Cons: Importing photos already on hard drive is cumbersome. Keyword system cumbersome. Sharing options limited to printing, e-mail, simple slide shows and wallpaper. No support for CD or DVD burning, books, cards, HTML or .pdf export, etc.
More info: http://www.kodak.com/global/en/digital/easyShare/software/software.jhtml .
—ACD SYSTEMS’ ACDSEE
Price: $50 (free 15-day trial version can be extended to 45 days)
Pros: Speedy even with large numbers of files. Numerous categorization, annotation, search, sort and export options. Works with bundled image editor. Batch-mode options apply same effects to multiple images. Numerous keyboard shortcuts.
Cons: Cluttered, confusing user interface and wealth of options mean major investment of time and effort to take advantage of application’s power. No support for burning CDs.
More info: http://www.acdsystems.com/English/Products/ACDSee/index.htm .
—ULEAD PHOTO EXPLORER
Price: $30 (30-day trial version free)
Pros: Lots of power for the price. Convenient and flexible auto-rename feature. User interface can be customized.

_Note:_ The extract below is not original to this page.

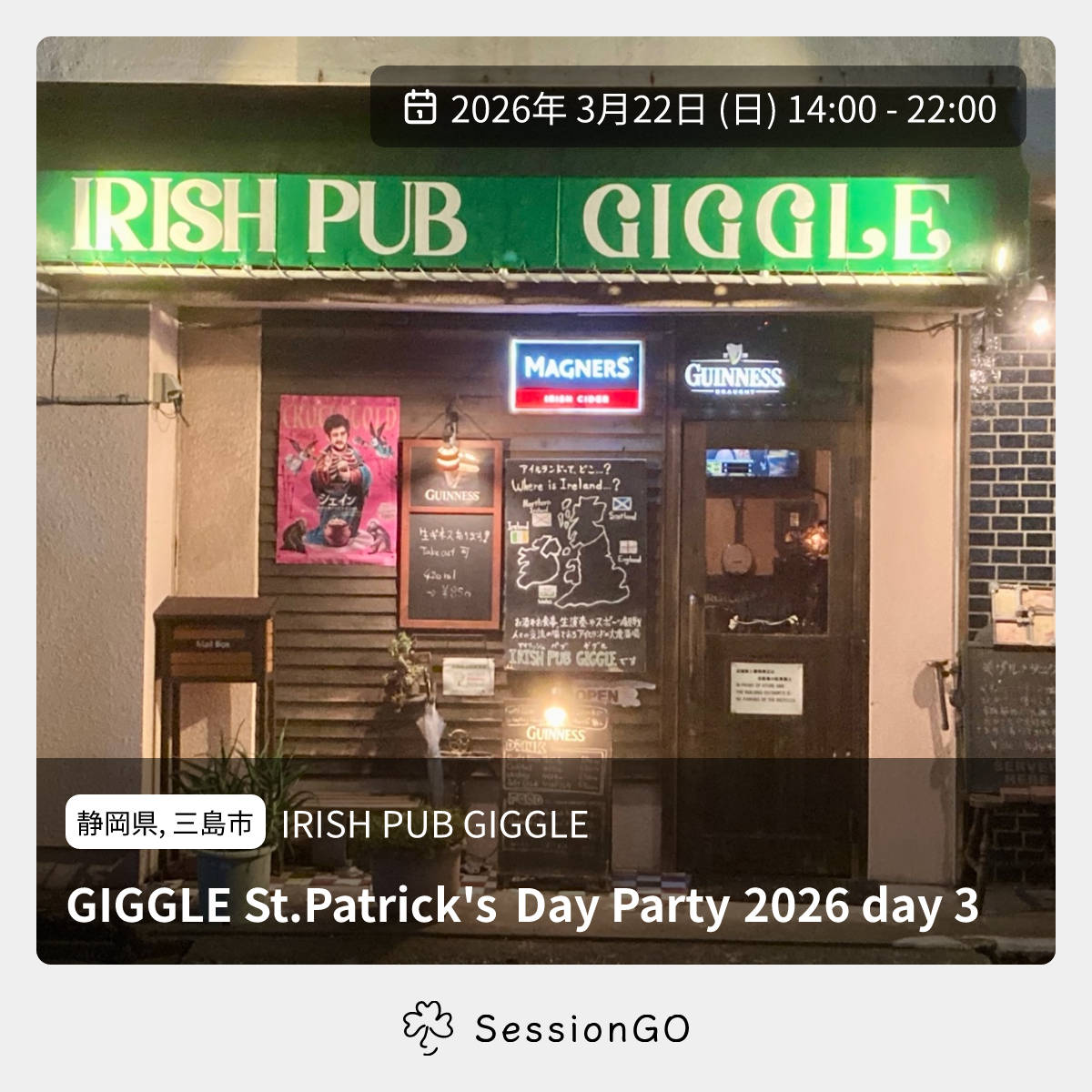 静岡県, 三島市IRISH PUB GIGGLEGIGGLE St.Patrick's Day Party 2026 day 32026年3月22日(日)5:00 - 13:00静岡県三島市西本町10−34主催者:ギグルマスター🎙️ ライブ🔰 初心者歓迎静岡三島アイリッシュパブギグルでの、セントパトリクスデーイベント最終日です。 ギグルギグの大先輩バンドGUINNESS BORRACHOと、地元メンバーの練習会チームのLIVEあります。 空いている時間はセッションタイムになりますので、三連休最終日たくさんの参加をお待ちしております♬イベント内容をコピーして新規投稿※閉店・移転などにより、正常に表示されない場合があります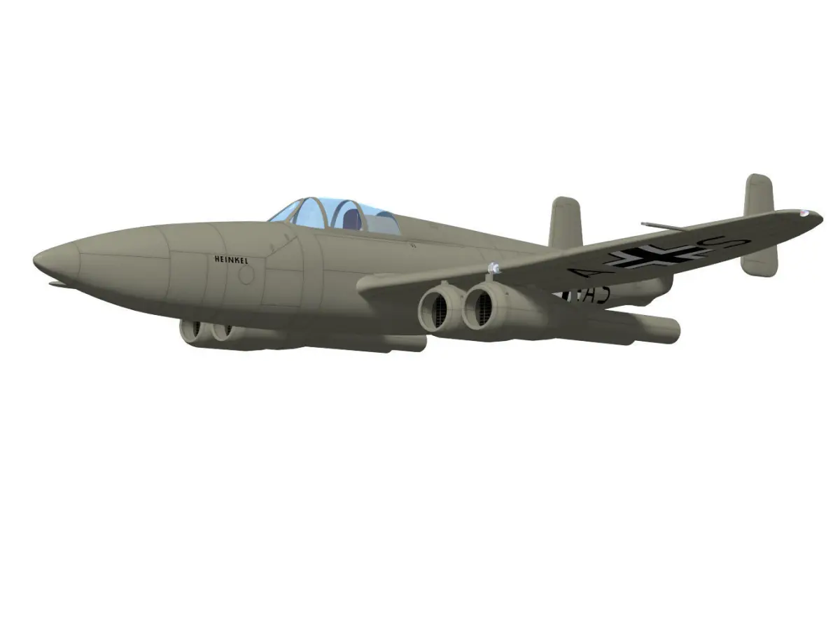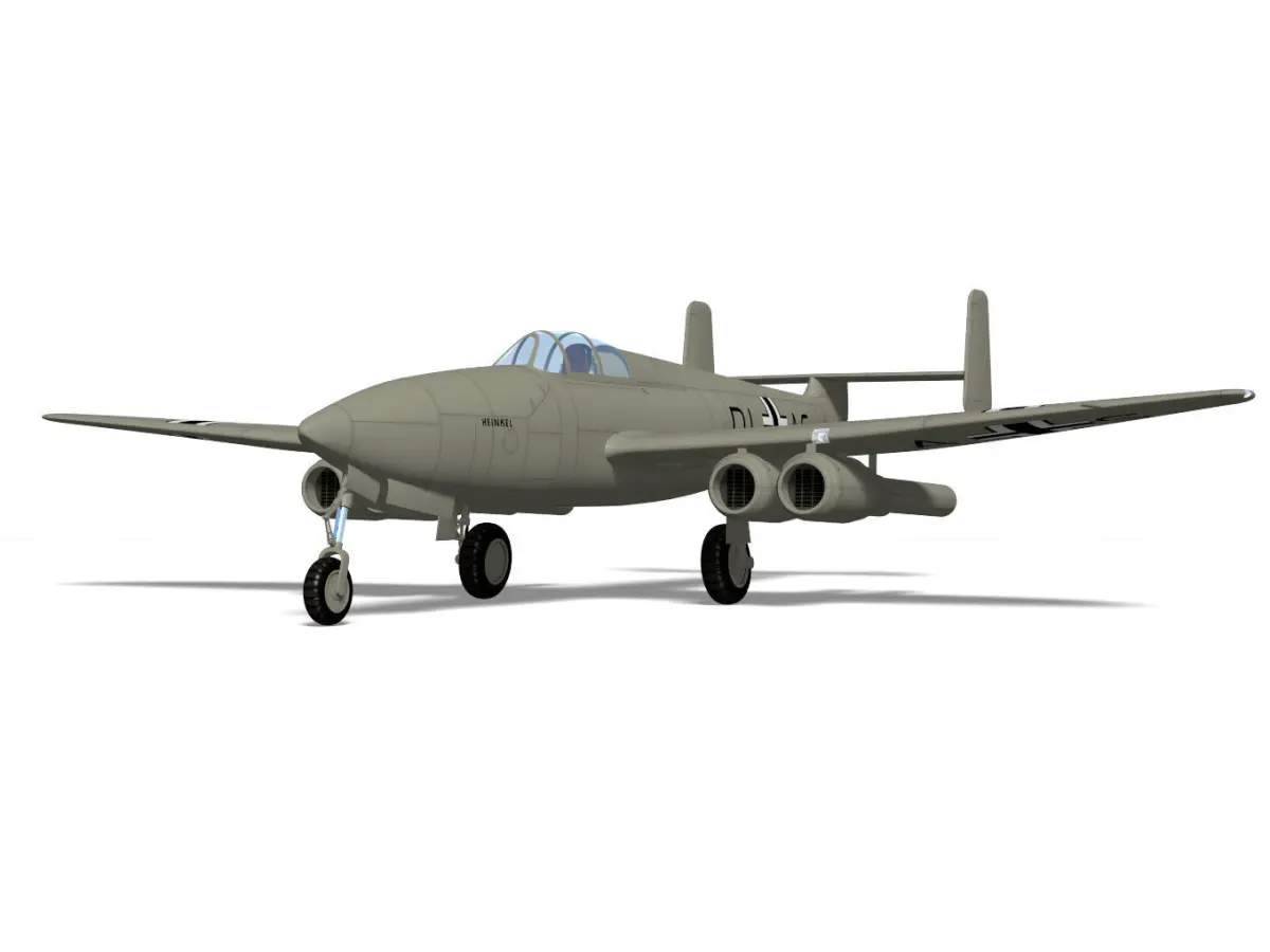 This is a jet fighter produced by Heinkel, which first flew in 1941.The model is the type equipped with Argus pulse jet engines.The modeling of the cockpit is simple.The model's landing gear is divided into flight state and landing state parts.

Numerous Web export options. Can import video or convert images to video. Special effects (ripple, mosaic, whirlpool, etc.) and lens distortion options, with convenient before-and-after previews. Burns CDs and DVDs.
Cons: Sometimes suffers severe slowdowns and visual glitches. Relies on Windows folder hierarchy to organize files.
More info: http://www.ulead.com/pex .
—JASC’S PAINT SHOP PHOTO ALBUM
Price: $49 (available next month—free beta-test version downloadable now)
Pros: Traditional but clean, well designed user interface. QuickFix tool works well. Adjust Wizard and split-image previews of special effects let you choose changes that look best, without having to test and undo. Some interesting special effects, including solarization and Thinify. Burns video CDs (playable in many DVD players), but not DVDs.
Cons: Supports only one online printing service (Shutterfly).
More info: http://www.jasc.com/pbeta/pspa .
—ROXIO PHOTOSUITE 5 PLATINUM
Price: $60 (available online March 3, via retail later in March)
Pros: Rich array of features combined with fairly simple, clean interface. Multi-Photo Enhance feature simplifies editing and renaming of multiple pictures. Includes templates for numerous project types, such as fancy frames, cards and calendars. Burns CDs (including Video CDs, which work in many DVD players), but not DVD discs.
Cons: Switching among modes and features sometimes confusing. PhotoDoctor feature makes some images worse.
More info: Check at http://www.roxio.com on March 3.
NEW PROGRAMS HELP MANAGE DIGITAL PICTURES
—Organizing and searching pictures by category, keyword, time line or other attributes.
—Putting pictures into onscreen slide shows and hard-copy creations such as calendars, cards, even books.
—Ordering prints online.
—Sending pictures by e-mail, posting them on the Web or burning them onto CDs or DVDs.